Selections are available to give you an idea.

http://www.powell-pressburger.org/Reviews/51_Hoffmann/YouTube.html


----------



## sharik (Jan 23, 2013)

yes the ROH production 1981 vid seems best of all despite its shortcomings -


----------



## Tsaraslondon (Nov 7, 2013)

Belowpar said:


> You might also consider the Film Powell and Pressburger made of it. Fondly remembered by film buffs they produced a fantastic run of films with a distinctive style featuring great visual aplomb. Though perhaps not their finest work, it is a novel approach.
> 
> Selections are available to give you an idea.
> 
> http://www.powell-pressburger.org/Reviews/51_Hoffmann/YouTube.html


It's a great movie, but, musically, leaves a lot to be desired.


----------



## Pugg (Aug 8, 2014)

Look no further:
​
:tiphat:


----------



## Marschallin Blair (Jan 23, 2014)

GregMitchell said:


> It's a great movie, but, musically, leaves a lot to be desired.

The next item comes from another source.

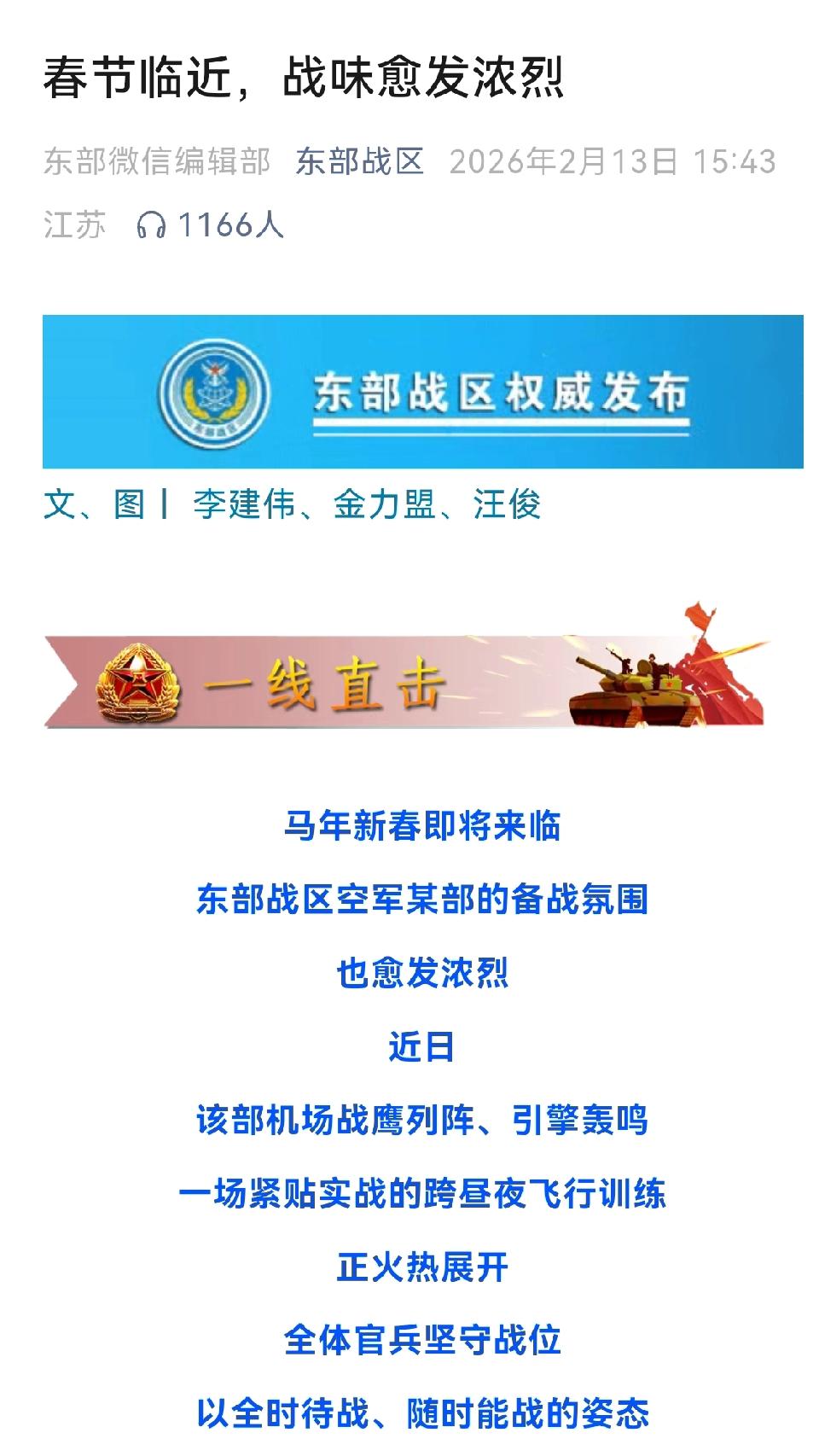 东部战区一条含义明确的迎春新闻:公众号告诉大家春节期间战区要干什么:备战打仗,春节临近,战味愈发浓烈。这是为什么?原因自己就是因为这个:台海巡部门宣称,将于春节期间开展所谓“安全维护工作”,动员各式舰船艇预置应处大陆灰色地带“侵扰”。 这就是告诉对岸,你试试看!

- Singing 'and' conducting- for me anyway.


----------



## Becca (Feb 5, 2015)

The real problem with _Hoffman_ is the multiple editions that exist given that Offenbach died about 4 months before the premier, leaving a lot of confusion, the result of which has been addition, changes and deletions which (probably) do not represent what Offenbach would have done. From what I can read, the Kaye-Keck edition probably comes closest to a reasonable realization of his intent and there is one recording of it, the Nagano/Erato. What is not clear to me is if this was done (1996) prior to the current Keck edition. Despite that, I would definitely stay away from are any performances of the Oeser edition (e.g. Camberling).


----------



## OperaChic (Aug 26, 2015)

Becca said:


> Despite that, I would definitely stay away from are any performances of the Oeser edition (e.g. Camberling).


Why would you say that?


----------



## nina foresti (Mar 11, 2014)

My Hoffmann of choice without a single doubt: Neil Shicoff


----------



## Becca (Feb 5, 2015)

OperaChic said:


> Why would you say that?


The Oeser edition has been generally discredited and even described as 'one of the most corrupt editions of a masterpiece in modern times.' There are many places where the editor chose to ignore what Offenbach indicated and substituted his own thoughts. Since that edition was published in 1975, more materials have come to light and it is clear that the opera was left far more complete than had been realized.


----------



## Bellinilover (Jul 24, 2013)

nina foresti said:


> My Hoffmann of choice without a single doubt: Neil Shicoff


Is Shicoff's Hoffmann on DVD? If so, I'd really like to see it!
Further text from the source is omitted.